The device is designed to be implanted permanently in patients with pulmonary arterial hypertension, a progressive disease that is normally treated with medication, Dan Gladney, president and CEO of Aria CV said in a phone interview.

“This will be the first implant for the treatment of pulmonary arterial hypertension,” said Gladney, an early investor in Aria CV who has been its CEO since April. He had previously been on the company’s board.

The implant – known as the Aria CV Pulmonary Hypertension System and designated this month by the FDA as a breakthrough device – should at least match what medicine can do and improve on it, Gladney said. Patients with pulmonary arterial hypertension typically are expected to live for around seven years.

The latest funding round was led by the investment firm Xeraya Capital. Other participants included Longview Ventures, Catalyst Health Ventures, BioStar Ventures, Cedar Point Capital and Frontcourt Group, as well as three strategic investors who were not disclosed.

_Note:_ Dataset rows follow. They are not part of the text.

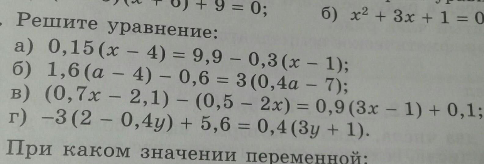 б)1,6(a-4)-0,6=3(0,4a-7)
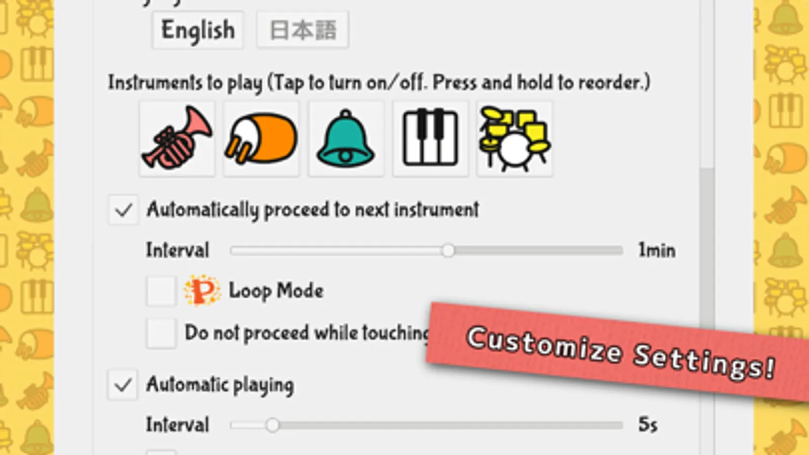 Customize the order of instruments and timing of the auto-play according to your baby’s liking!
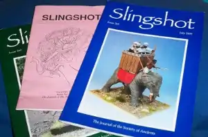 21. Ancient Wargaming, by Phil Barker, page 64 (published by Patrick Stephens Ltd./Airfix, 1975) - “All ancient wargamers benefit by belonging to the Society of Ancients, who publish the bi-monthly journal Slingshot, which is essential reading”.
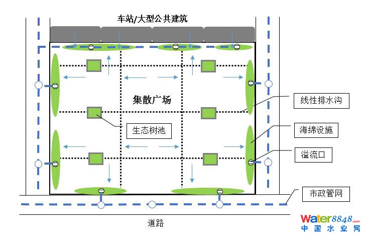 ③集散廣場(chǎng)一般以硬質(zhì)鋪裝為主,宜采用透水鋪裝,同時(shí)設(shè)置線性排水溝或植草溝,雨水徑流通過有組織的匯流與轉(zhuǎn)輸,引入周邊綠地海綿設(shè)施。
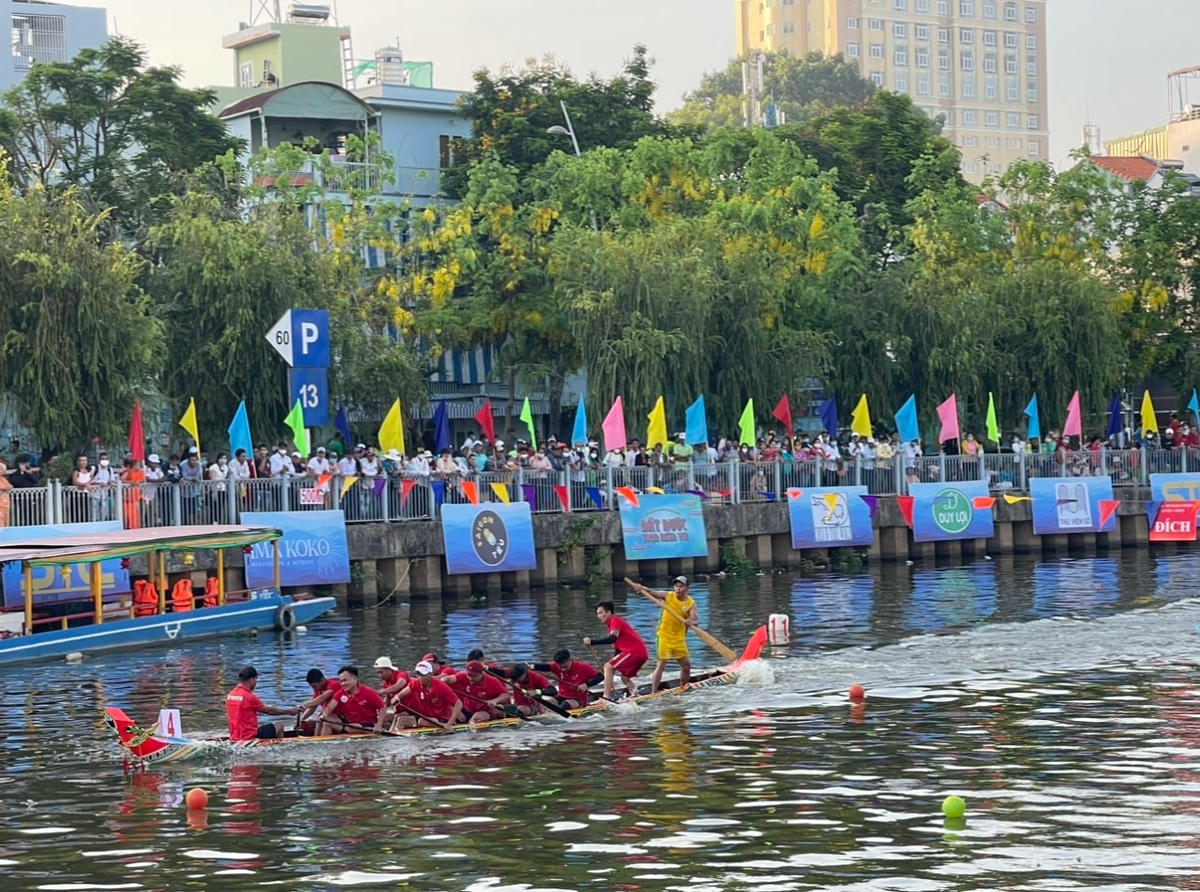 Có 9 đội tới từ 5 tỉnh thành phố phía Nam đã tham gia tranh tài trong cuộc thi đua ghe ngo rất độc đáo ở dọc kênh Nhiêu Lộc-Thị Nghè.
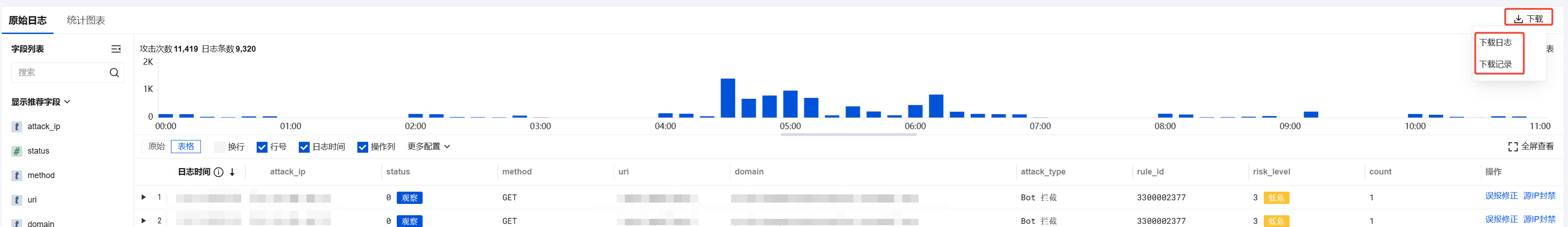 2. 在攻击日志页面,单击日志服务 > 原始日志
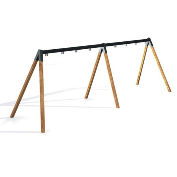 Gungställning tillverkat i trä med plats för två fritt valbara gungsäten. Visst minns du det pirrande suget i magen när gungan fått upp farten. Och minns hur stolt du var första gången du lyckades sätta fart själv. Att gunga är paradexemplet på en lek där sinnesupplevelse är direkt förbunden med motorisk färdighet. Inte så konstigt att gungställningen ofta blir en samlingspunkt på en lekplats. En gunga är en spännande utmaning även för lite äldre barn.
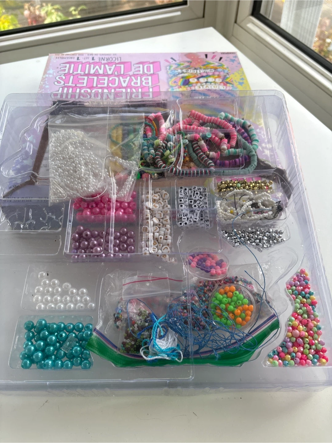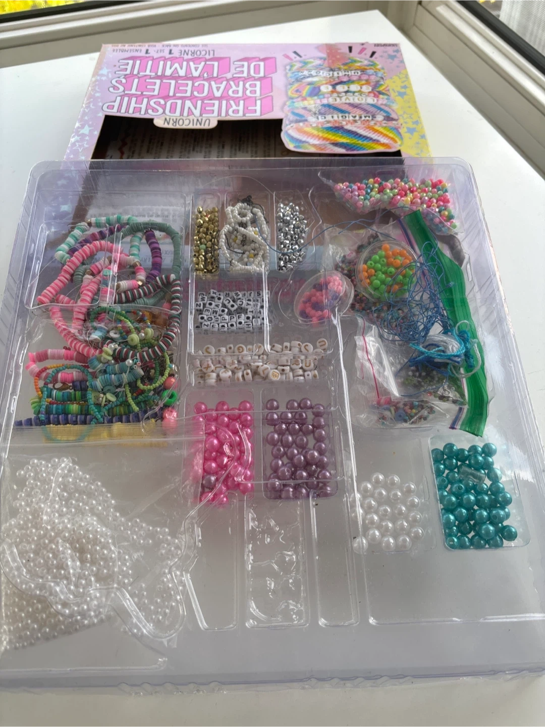 375I'm selling a brand new Unicorn Friendship Bracelet Kit! It comes with everything you need to make lots of colourful bracelets. The kit includes a variety of beads, strings, and other accessories to create unique and personalized friendship bracelets. Perfect for kids and adults who love crafting!
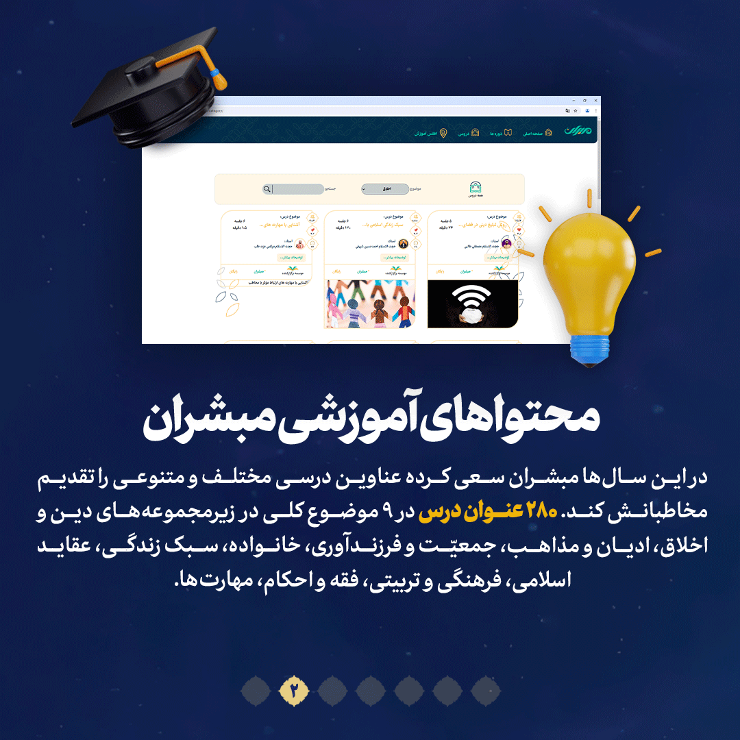 سامانه مبشران در سال ۱۳۹۸ آغاز به کار کرد تا محملی باشد برای دسترسی مردم به محتواهای آموزشی دینی. زیرساختی که میزبان مخاطبان متنوع از مبلغین و طلاب و مادحین تا دانشجویان و فرهنگیان است. در این شماره از نشریه دیجیتال مروری میکنیم بر این سامانه.
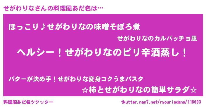| 意味不明あだ名 | 『自称せがわりな』『ペロリンせがわりな』 |
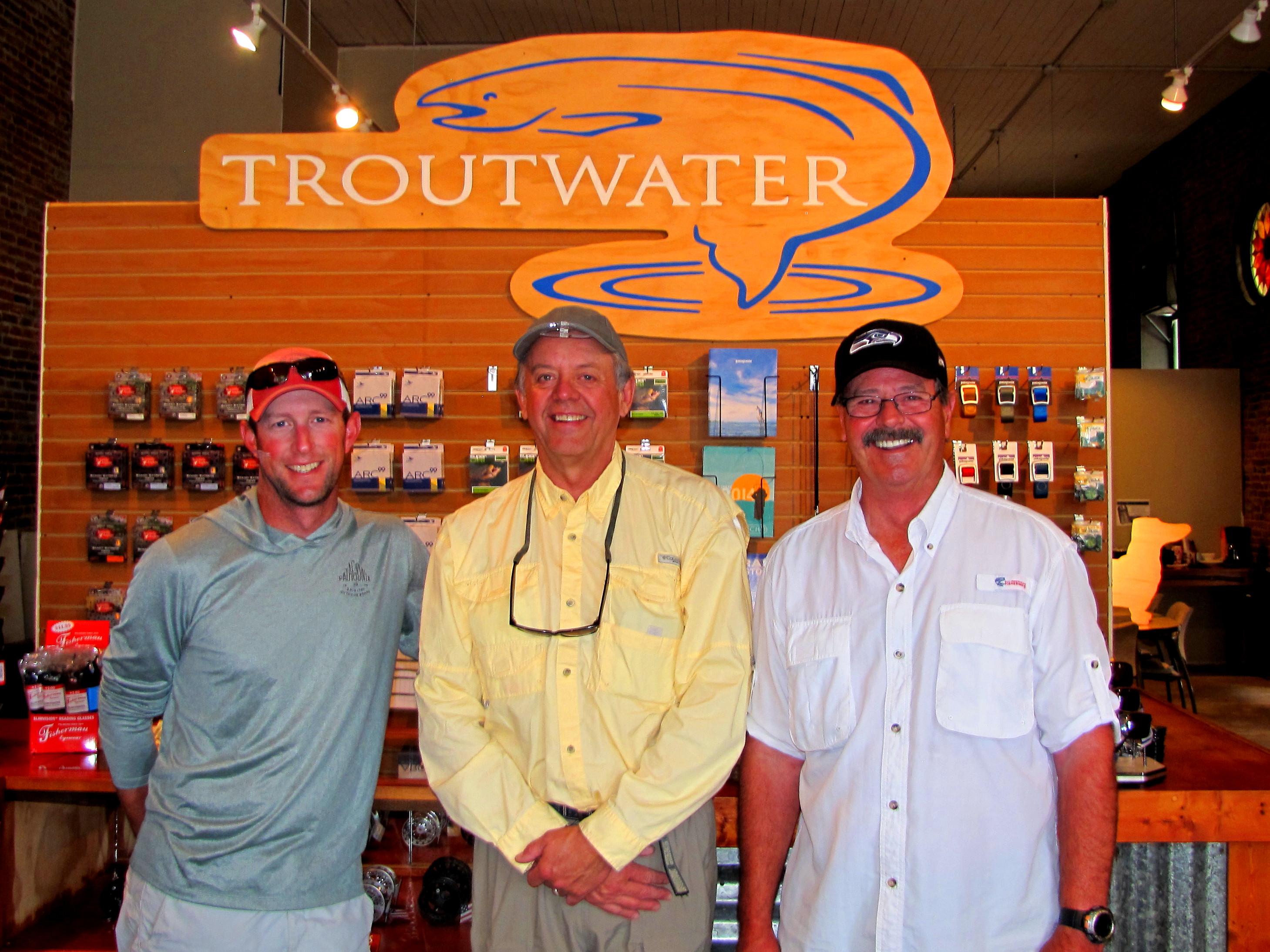 Before heading for the Yakima River I had our party pose for a photo. Here is guide Johnny Boitano (l), Washington Fish and Wildlife Director Jim Unsworth, and myself in the Troutwater Fly Shop in Ellensburg.
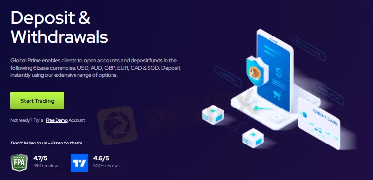 Con Global Prime los clientes pueden operar en los mercados de forex, CFD y materias primas. El depósito mínimo requerido es de $200
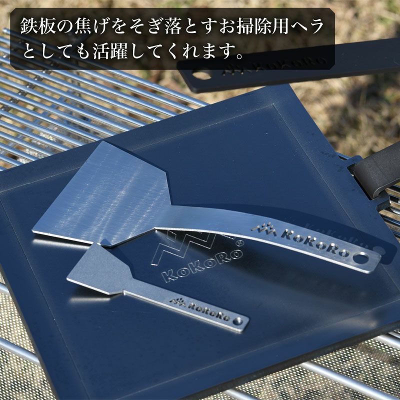 KOKOROのロゴ入りステンレス製の万能掃除ベラ。
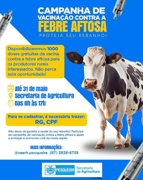 A Prefeitura de Pesqueira, através da Secretaria de Agricultura vai disponibilizar 1000 doses gratuitas da vacina contra a febre aftosa para os produtores rurais interessados. Não perca esta oportunidade!
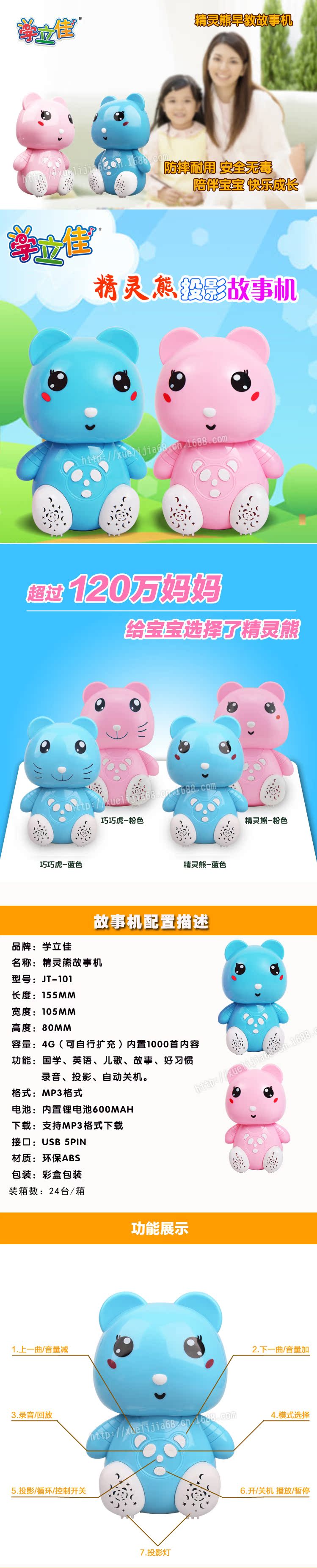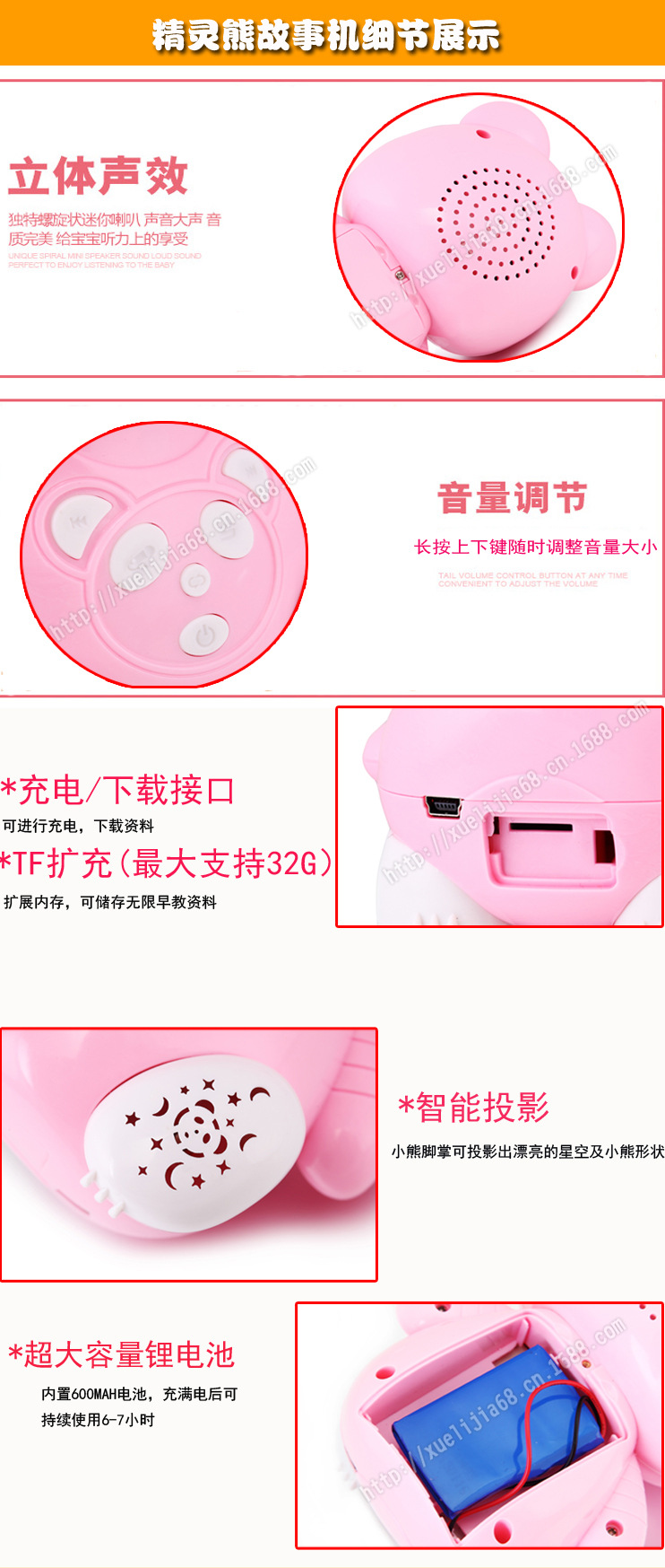 亲们!精灵熊故事机超级优惠活动开始啦,详情请咨询电话13902481019钟小姐,内置4G容量880首精点早教资源(国学、故事、儿歌、英语、好习惯),可自行扩充故事机内存进行下载,只要MP3格式均可识别,不限任何网站,最大支持扩充内存卡32G,可无限下载早教资源,录音,智能投影,摇控选台,音质效果好,质量有保证,免费保修1年!
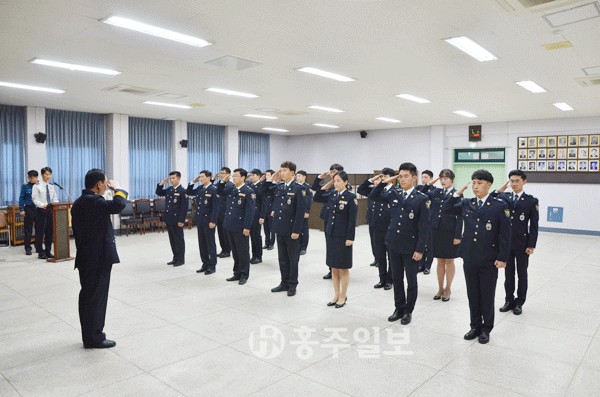 홍성경찰서(서장 구재성)는 지난 2일 경찰서 3층 대회의실에서 전보 및 전입 인사발령에 따른 신고식을 개최했다.<사진> 이에 따라 지역경찰 경위 김기상 등 7명과 신임 287기 순경 김진원 등 12명에 대한 인사발령을 실시했다. 이날 신고식은 홍북파출소 증원 및 신임경찰관 발령에 따른 교류인사로 각 대상자 별 전문성과 희망지등을 고려하여 배치했다는 설명이다.
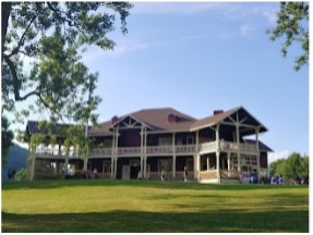 As you enter the park grounds, go past the theatre that will be on your right; go straight down the road for a very short distance and over the bridge. You will see a playground on your left and Pavilion 1 will be kitty-corner on your right.
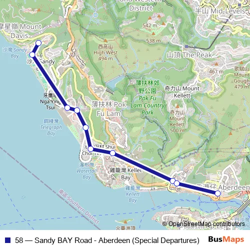 Bus 58 - Sandy BAY Road - Aberdeen (Special Departures): Full Schedule in Hong Kong

“We’ve worked with Aria CV for several years and are excited for the opportunity to lead this financing,” Jason Rushton, a partner at Xeraya Capital, said in a statement. “There is an unmet clinical need with patients suffering from pulmonary arterial hypertension, and we are impressed with the promising results the Aria CV PH System has demonstrated.”

Aria CV recently conducted the system’s first human procedure in Vienna, where the system was implanted for an hour, Gladney said. The test demonstrated the implant’s safety and its effectiveness in lowering blood pressure and increasing cardiac output. Pulmonary arterial hypertension leads to high blood pressure and low cardiac output. Drugs can loosen the artery but they don’t address blood pressure or cardiac output, Gladney said.

The next step, supported by the latest funding, is an early feasibility investigational study to be conducted with medical partners in the U.S., Gladney said. The study will last six months and involve 15 to 30 patients who will have the system implanted on a permanent basis. The results should come in 2021, followed by additional trials and commercialization by 2023.

The company is likely to seek additional funding in late 2021, Gladney added.

Aria’s system incorporates components that work together to mimic a healthy pulmonary artery, one that naturally opens and closes as the heart pumps and blood flows. In patients with pulmonary arterial hypertension, the pulmonary artery is rigid, forcing the heart to work harder and leading to terminal heart failure.

In the Aria system, a balloon inserted in the artery opens and closes the artery using gas drawn from a reservoir implanted in a patient’s upper abdominal wall. The gases are similar to what is already in the bloodstream, Gladney said.

“What we’ve done is we’ve taken the workload off the right heart, which increases cardiac output,” he said.

Founded in 2010 and based in St. Paul, Minnesota, Aria CV has nine employees but hopes to reach 20 by the end of the year, Gladney said. The company also plans to gauge its system’s use in treating other groups of heart-failure patients.